No I haven't started writing for NaNoWriMo yet,
and my edit of Echo keeps plunging me into the cold of self doubt,
I am being courted
by sound: the galloping of horses, the wind in the trees, the flutter of wings on water
by scents: lilacs, meadows, woods, a saddle, baking bread, the people she loves,
by sights: red cherries, leaves falling from trees, lilacs blooming, velvet slippers, white swan wings
I am being courted by a story
I walked for a short time in the park this morning and I did not walk alone.
For she walked with me.
This is a beginning.
I know enough to know plot, but have yet to try to see, and feel it all. I am not yet working, not struggling, not yet trying to figure it all out, to have her reveal her whole self to me, and make us be..anything. I am still standing outside, peering in. And as I do, she sends images, scents and sounds out all around her, all round me, trying to entice me in. I know there are sorrows, sadness within, but she doesn't show these to me now.

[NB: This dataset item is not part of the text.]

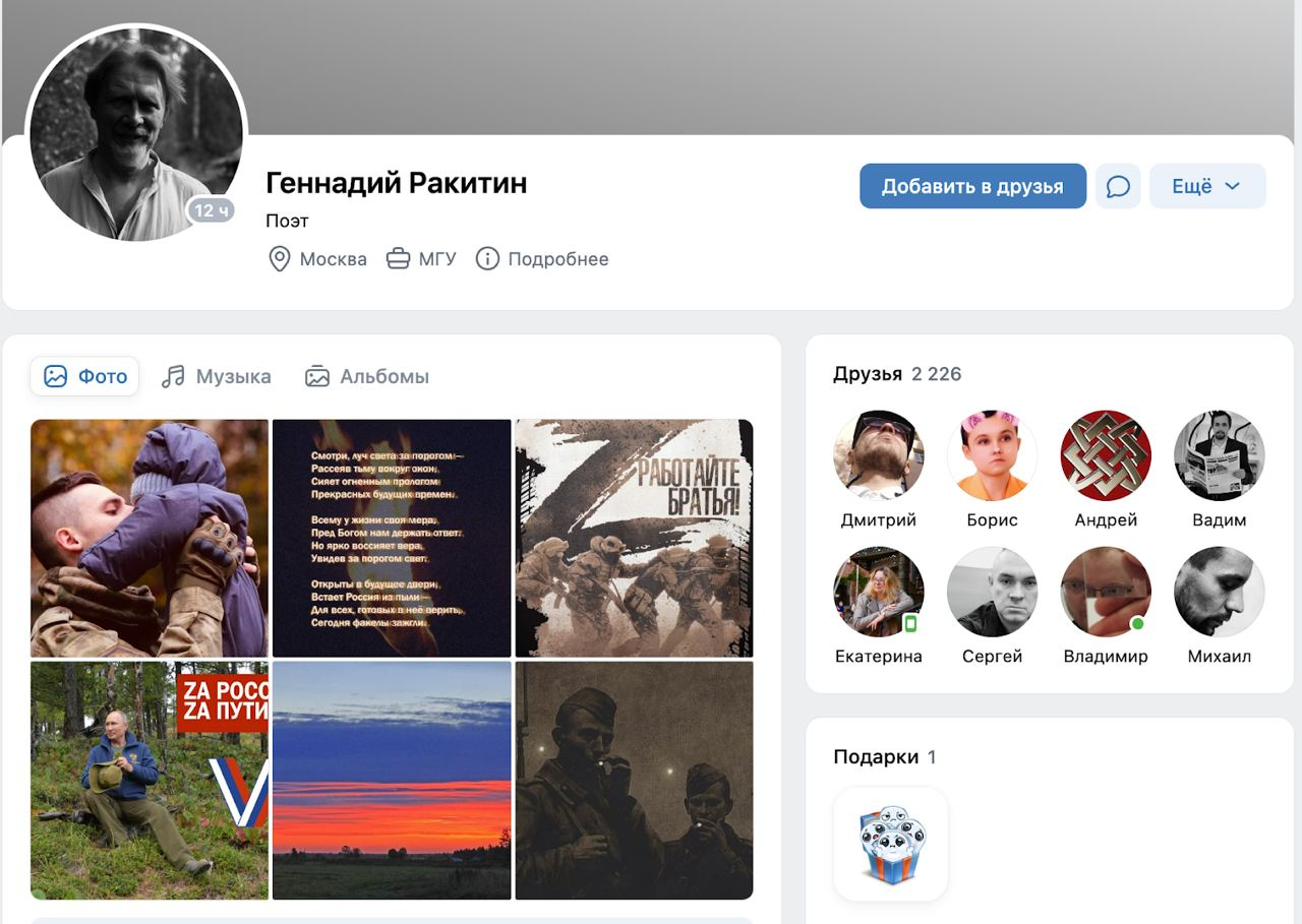Страница «Геннадия Ракитина». Скриншот из VK

Part of me is trying to focus on other things, but she knows how to seduce me, her scenes, her touching points, are starting to become part of my day, she reaches my senses no matter what else I think I am doing. And we both know it is only a matter of time..till I stop trying to walk on separately, and turn to her.
I love this part
Where I look, now she begins to lend me her eyes.
Where I feel, now she begins to lend me her heart.
It is almost time to begin our journey together.